Conceived by Gianni Politi (Rome, 1986), The serpent ritual included the participation of the artists Alessandro Agudio (Milan, 1982), Andrea Dojmi (Rome, 1973), Giulio Delvè (Naples, 1984), Matteo Nasini (Rome, 1976), Lupo Borgonovo (Milan, 1985), Helena Hladilova (Kroměříž, Czech Republic, 1983) & Namsal Siedlecki (Greenfield, USA, 1986), and Renato Leotta (Turin, 1982).
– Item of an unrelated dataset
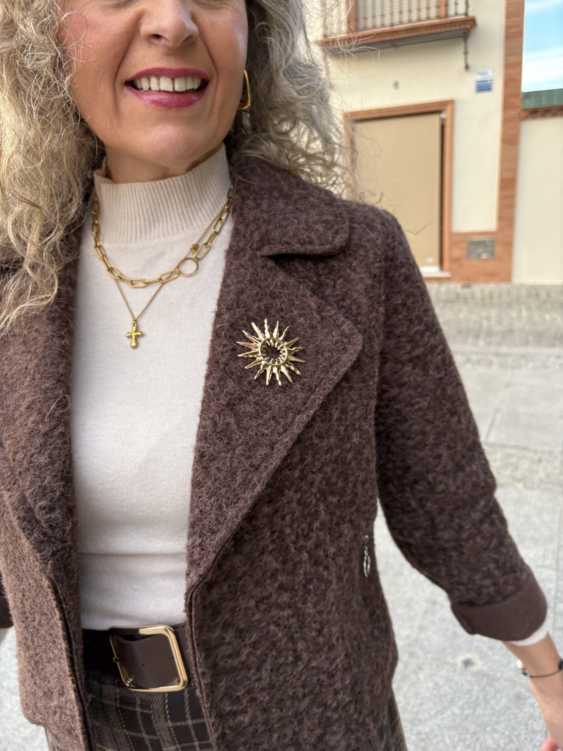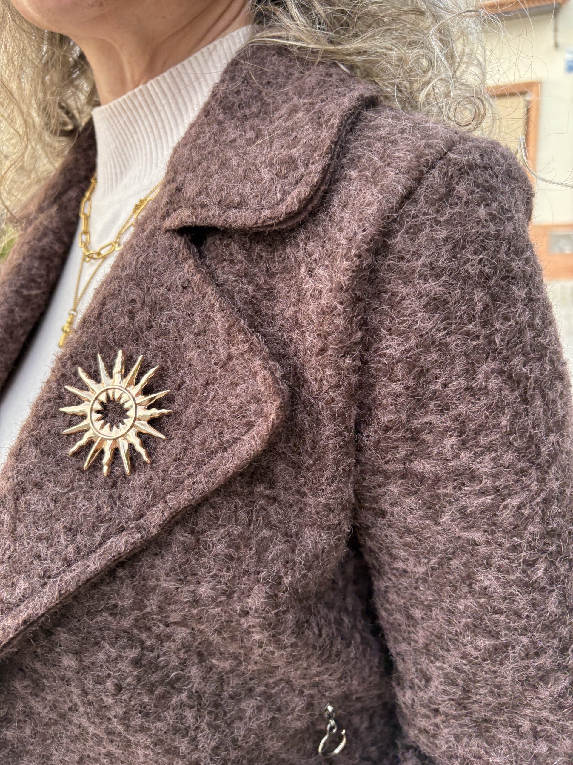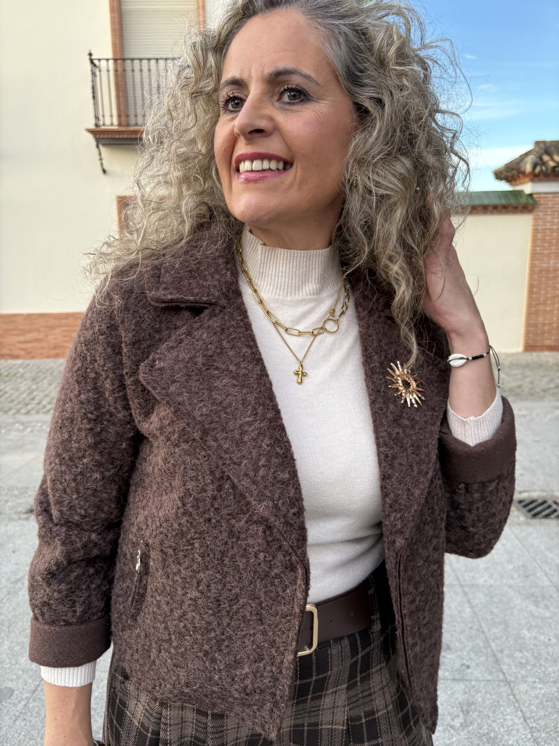 Chaqueta de punto bouclé en tono marrón, suave y con broche en la solapa dorado. De corte recto y estilo cómodo, lleva bolsillos falsos en los laterales con cremallera. Talla única se adapta de la S a la L. ( 36 /42)Ideal para combinar con looks casuales o elegantes.

The exhibition’s title is an explicit reference to Aby Warburg‘s homonymous essay, where the author underlines the importance of the psychic power of images to Native American tribes. Travels in North America afforded Warburg the opportunity to study indigenous magic rituals and the origins of paganism. It was from there, he concluded, that man derived his inherent and unconscious need to “possess” images, benefitting from their ancestral and psychic power.
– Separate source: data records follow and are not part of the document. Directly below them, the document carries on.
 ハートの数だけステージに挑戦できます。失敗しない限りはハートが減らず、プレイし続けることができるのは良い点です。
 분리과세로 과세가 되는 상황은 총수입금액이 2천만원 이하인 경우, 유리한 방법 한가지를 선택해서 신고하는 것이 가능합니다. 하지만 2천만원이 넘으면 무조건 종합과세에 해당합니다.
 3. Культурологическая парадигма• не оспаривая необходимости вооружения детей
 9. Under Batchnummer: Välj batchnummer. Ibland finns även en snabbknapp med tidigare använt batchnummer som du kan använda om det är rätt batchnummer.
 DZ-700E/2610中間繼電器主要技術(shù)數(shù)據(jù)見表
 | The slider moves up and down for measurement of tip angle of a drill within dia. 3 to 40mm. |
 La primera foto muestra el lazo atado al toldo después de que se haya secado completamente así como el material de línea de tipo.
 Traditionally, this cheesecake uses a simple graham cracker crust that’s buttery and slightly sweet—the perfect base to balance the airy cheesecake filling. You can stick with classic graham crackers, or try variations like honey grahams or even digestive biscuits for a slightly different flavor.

The exhibited works were intended to offer the spectator the opportunity to undertake a “journey” into the symbolic cosmos of images, with the aim of affirming the value of slowness in contrast to the speed of contemporary expression. The artists involved share an interest in arriving at a practical approach to art, an idea related to the difficulty of producing something new in an era in which everything seems to already exist.